__Your task__. In full and word for word, copy the listing; no pictures belong in the copy.

__Recorded information__.
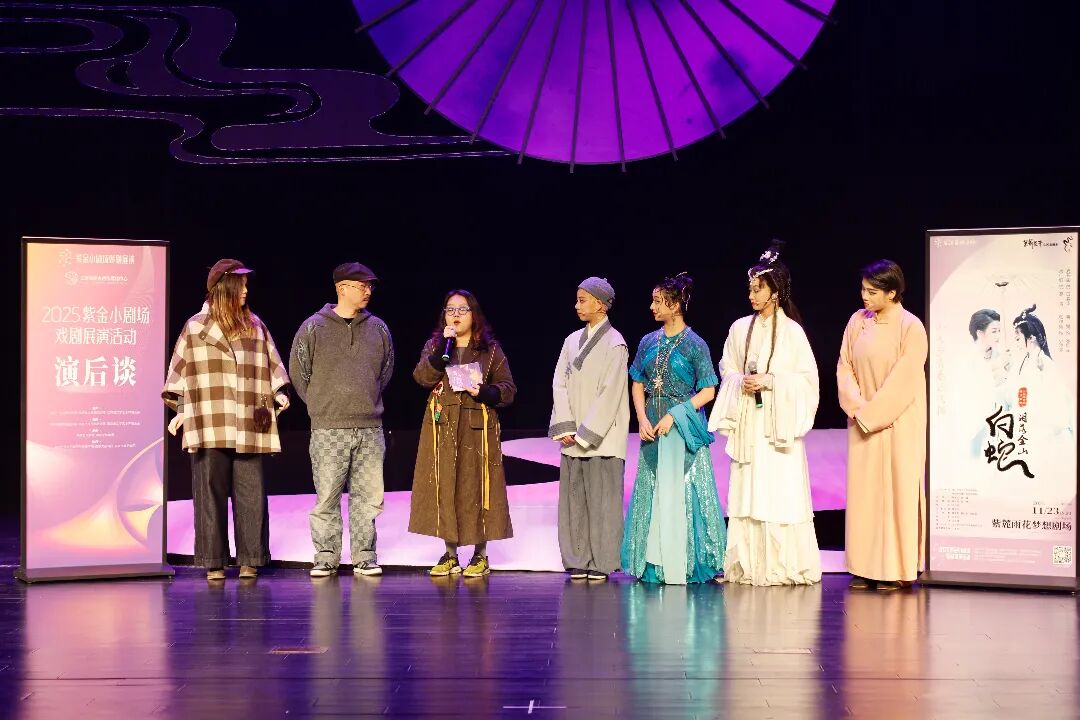 在这些观众中,有一个特殊的群体——0元观演团,通过线上报名,部分观众得以免费观看演出。有观众在演出结束后,通过2025紫金小剧场戏剧展演剧评平台写下观剧体验:“《白蛇·泪落金山》让我看到了传统戏曲的现代魅力,年轻演员的表演充满活力,让人耳目一新。”
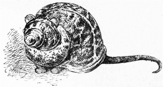 But I have almost forgotten the old-time custom of, when the young ladies came from school, bringing home a "sampler," in the days before linen stamping was known or thought of. On these in needlework were alphabets, numbers, trees (such trees), dogs, and cats. Then, too, there were cats of silk and satin, in needlework, and cats in various materials; but the most curious among the young people's accomplishments was the making of tortoiseshell cats from a snail-shell, with a smaller one for a head, with either wax or bread ears, fore-legs and tail, and yellow or green beads for eyes. Droll-looking things—very. I give a drawing of one. And last, not least often, the edible cats—cats made of cheese, cats of sweet sponge-cake, cats of sugar, and once I saw a cat of jelly. In the old times of country pleasure fairs, when every one brought home gingerbread nuts and cakes as "a fairing," the gingerbread "cat in boots" was not forgotten nor left unappreciated; generally fairly good in form, and gilt over with Dutch metal, it occupied a place of honour in many a country cottage home, and, for the matter of that, also in the busy town. If good gingerbread, it was saved for many a day, or until the holiday time was ended and feasting over, and the next fair talked of.
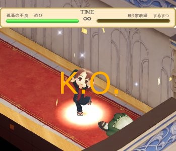今回めびがパーフェクト勝利してしまったわけですが、まるまつはテクニカルな受身スキルのみで攻撃無いらしいので・・・(ゲームバランス最低)
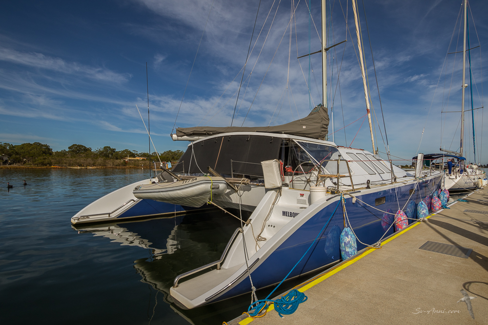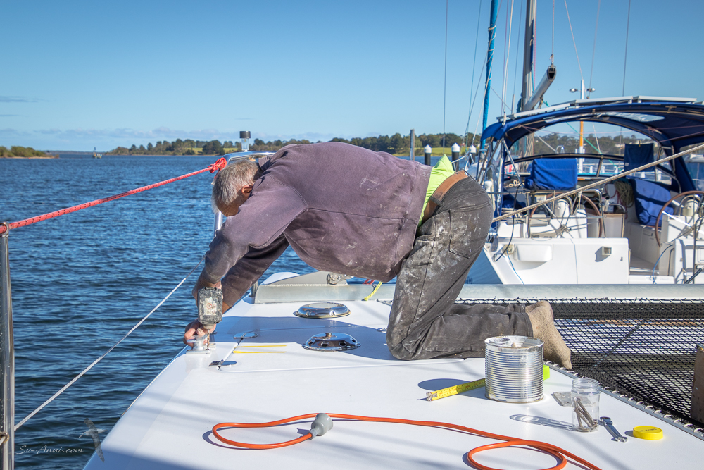 Our old shipwrights from our previous cat Take It Easy, Frecheville Heaney Boat Builders, repaired the port bow cleat that was damaged when we weathered a few storms too many at the Anchorage Marina in Williamstown last January. This involved removing the loose cleat, enlarging the fixing holes, refilling them with epoxy, reglassing the base, spray painting it and refixing the cleat. James and Tim did a great job, much better than we could have, and we enjoyed renewing our custom and friendship with them. Being ‘at work’ they were allowed on board and we were also able to show them our pride and joy. It is always interesting how shipwrights look at a boat… nothing escapes them, good or bad, and we are very pleased to say they were impressed with Anui’s construction and finish inside and out.

__Answer for the task__.
 在这些观众中,有一个特殊的群体——0元观演团,通过线上报名,部分观众得以免费观看演出。有观众在演出结束后,通过2025紫金小剧场戏剧展演剧评平台写下观剧体验:“《白蛇·泪落金山》让我看到了传统戏曲的现代魅力,年轻演员的表演充满活力,让人耳目一新。”
 But I have almost forgotten the old-time custom of, when the young ladies came from school, bringing home a "sampler," in the days before linen stamping was known or thought of. On these in needlework were alphabets, numbers, trees (such trees), dogs, and cats. Then, too, there were cats of silk and satin, in needlework, and cats in various materials; but the most curious among the young people's accomplishments was the making of tortoiseshell cats from a snail-shell, with a smaller one for a head, with either wax or bread ears, fore-legs and tail, and yellow or green beads for eyes. Droll-looking things—very. I give a drawing of one. And last, not least often, the edible cats—cats made of cheese, cats of sweet sponge-cake, cats of sugar, and once I saw a cat of jelly. In the old times of country pleasure fairs, when every one brought home gingerbread nuts and cakes as "a fairing," the gingerbread "cat in boots" was not forgotten nor left unappreciated; generally fairly good in form, and gilt over with Dutch metal, it occupied a place of honour in many a country cottage home, and, for the matter of that, also in the busy town. If good gingerbread, it was saved for many a day, or until the holiday time was ended and feasting over, and the next fair talked of.
今回めびがパーフェクト勝利してしまったわけですが、まるまつはテクニカルな受身スキルのみで攻撃無いらしいので・・・(ゲームバランス最低)
 Our old shipwrights from our previous cat Take It Easy, Frecheville Heaney Boat Builders, repaired the port bow cleat that was damaged when we weathered a few storms too many at the Anchorage Marina in Williamstown last January. This involved removing the loose cleat, enlarging the fixing holes, refilling them with epoxy, reglassing the base, spray painting it and refixing the cleat. James and Tim did a great job, much better than we could have, and we enjoyed renewing our custom and friendship with them. Being ‘at work’ they were allowed on board and we were also able to show them our pride and joy. It is always interesting how shipwrights look at a boat… nothing escapes them, good or bad, and we are very pleased to say they were impressed with Anui’s construction and finish inside and out.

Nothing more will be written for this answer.